Transgenic mice expressing human alpha-synuclein in noradrenergic neurons develop locus coeruleus pathology and non-motor features of Parkinson's disease

Degeneration of locus coeruleus neurons and dysregulation of noradrenergic signaling are ubiqutious features of Parkinson9s disease (PD). The LC is among the first brain regions affected by α-synuclein (asyn) pathology, yet how asyn affects these neurons remains unclear. LC-derived norepinephrine (NE) can stimulate neuroprotective mechanisms and modulate immune cells, while dysregulation of NE neurotransmission may exacerbate disease progression, particularly non-motor symptoms, and contribute to the chronic neuroinflammation associated with PD pathology. Although transgenic mice overexpressing asyn have previously been developed, transgene expression is usually driven by pan-neuronal promoters and thus has not been selectively targeted to LC neurons. Here we report a novel transgenic mouse expressing human wild-type asyn under control of the noradrenergic-specific dopamine β-hydroxylase promoter.
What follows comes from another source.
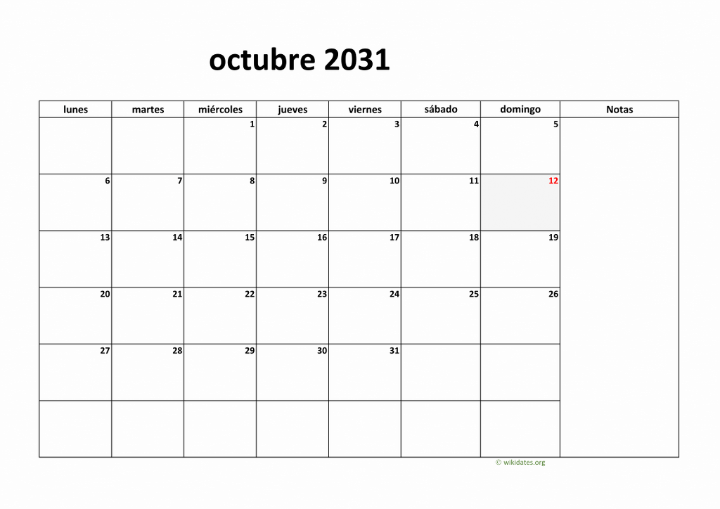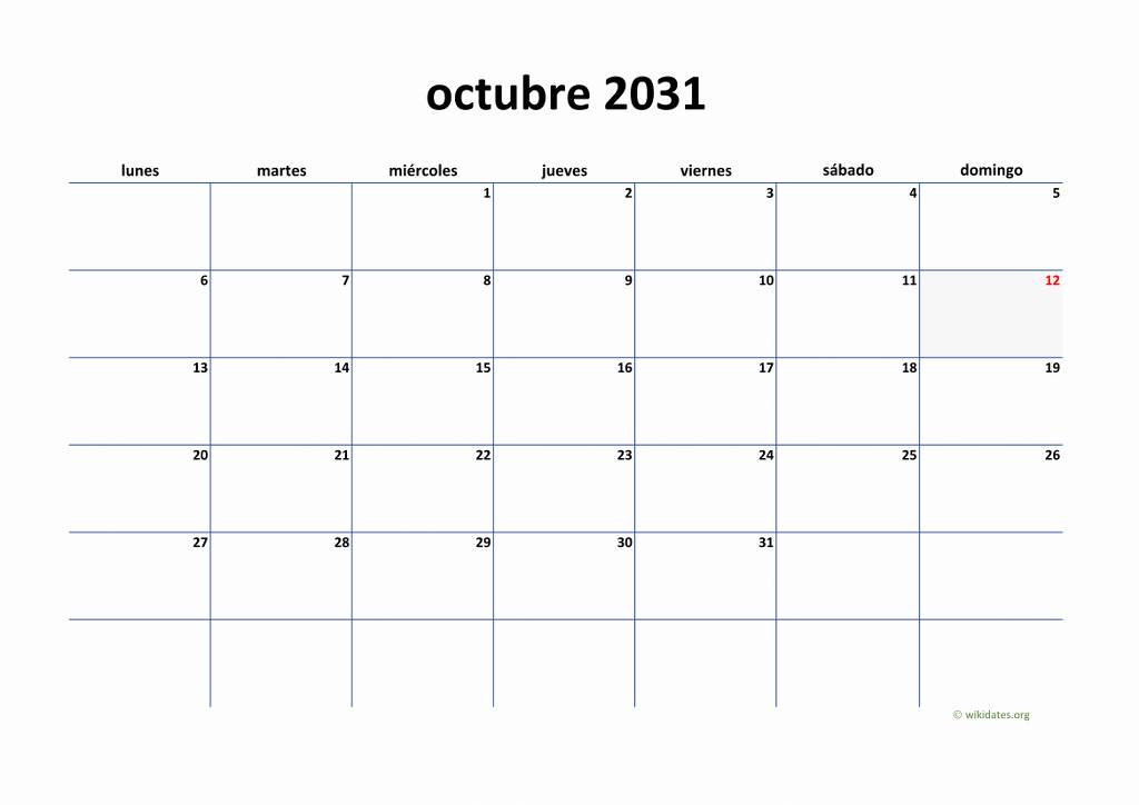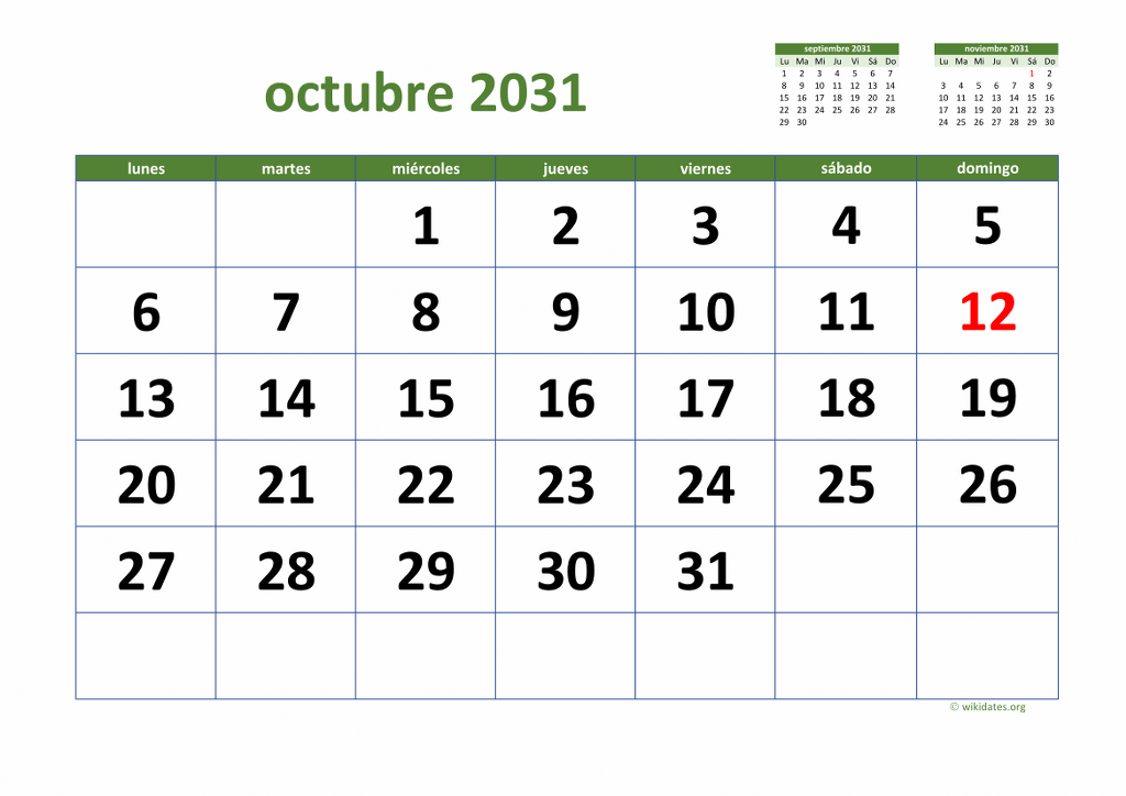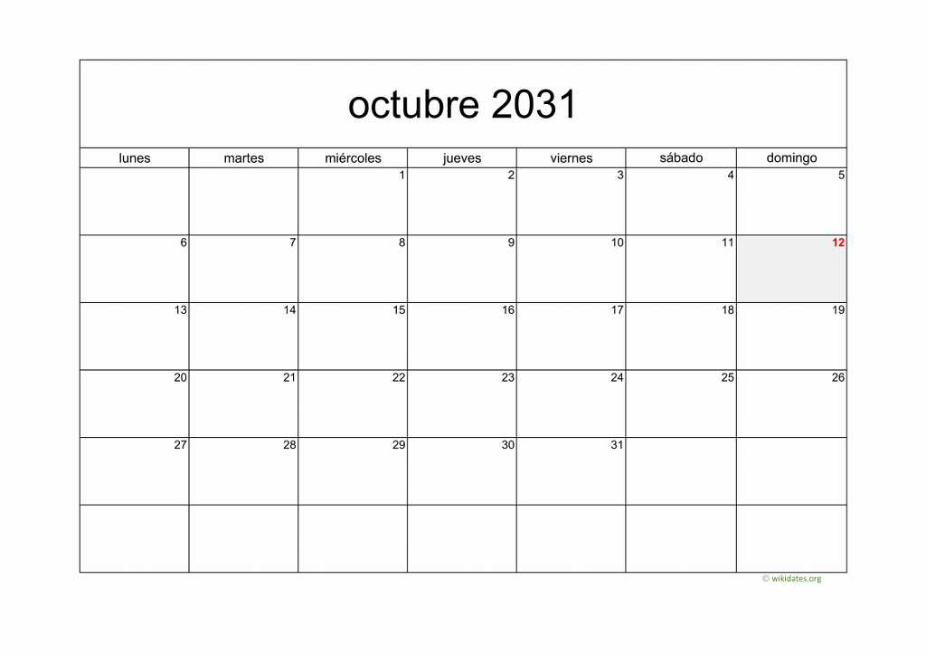 • Calendario Octubre 2031 con los días festivos, gratis, para imprimir.

These mice developed asyn aggregates in LC neurons, alterations in hippocampal and LC microglial abundance, upregulated GFAP expression, degeneration of LC fibers, decreased striatal dopamine metabolism, and age-dependent behaviors reminiscent of non-motor symptoms of PD. These mice provide novel insights into how asyn pathology affects LC neurons and how LC dysfunction may contribute to early PD pathology.